Judges want to keep kids making baseless school threats out of detention

As police are charging more students in a series of school threats throughout central Ohio, judges in the juvenile court system say they will try to keep the young offenders out of detention. (WSYX/WTTE)

As police are charging more students in a series of school threats throughout central Ohio, judges in the juvenile court system say they will try to keep the young offenders out of detention.

"They may just think I'm making a phone call," said Franklin County Juvenile Court Judge Terri Jamison to ABC 6/FOX 28. "We'll get out of school for the day."

Already this week, police in Groveport arrested a 14-year-old student after they say he posted images of guns on Instagram and threatened other students not to go to class on Tuesday. On Monday, Beechcroft High School senior Deandre Fleming faced a judge. He's accused of posting more threats on Instagram which included the killings of two teachers.

"There seems to be a lot of fantasy around having weapons," said Judge Jamison. That's also the reason why she said these young offenders don't belong behind bars as statistics show they'll continue on with their bad behavior if incarcerated.

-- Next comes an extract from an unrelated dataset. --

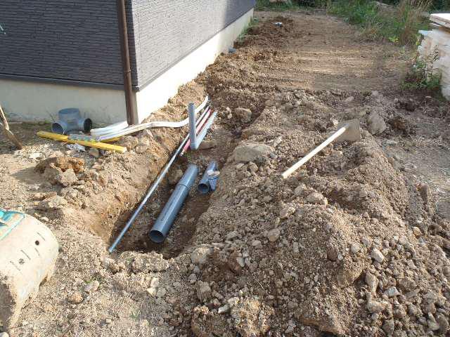 解体 外部給排水管埋設を進め、エコキュート配管及びベース

Instead, the juvenile courts look into why a child is acting up as their minds are still maturing. Court staff will dissect a child's school record and life at home. A judge is then more inclined to order counseling, involvement in a mentoring program or community service. Judge Jamison knows some parents are calling for stiffer punishments on the "baseless" school threat crimes. However, she said 85% of kids in juvenile detention will never get their diploma or a G.E.D.

"They need their education," Judge Jamison said. "I don't think making examples of kids and putting them into incarceration will be getting the type of results that you want."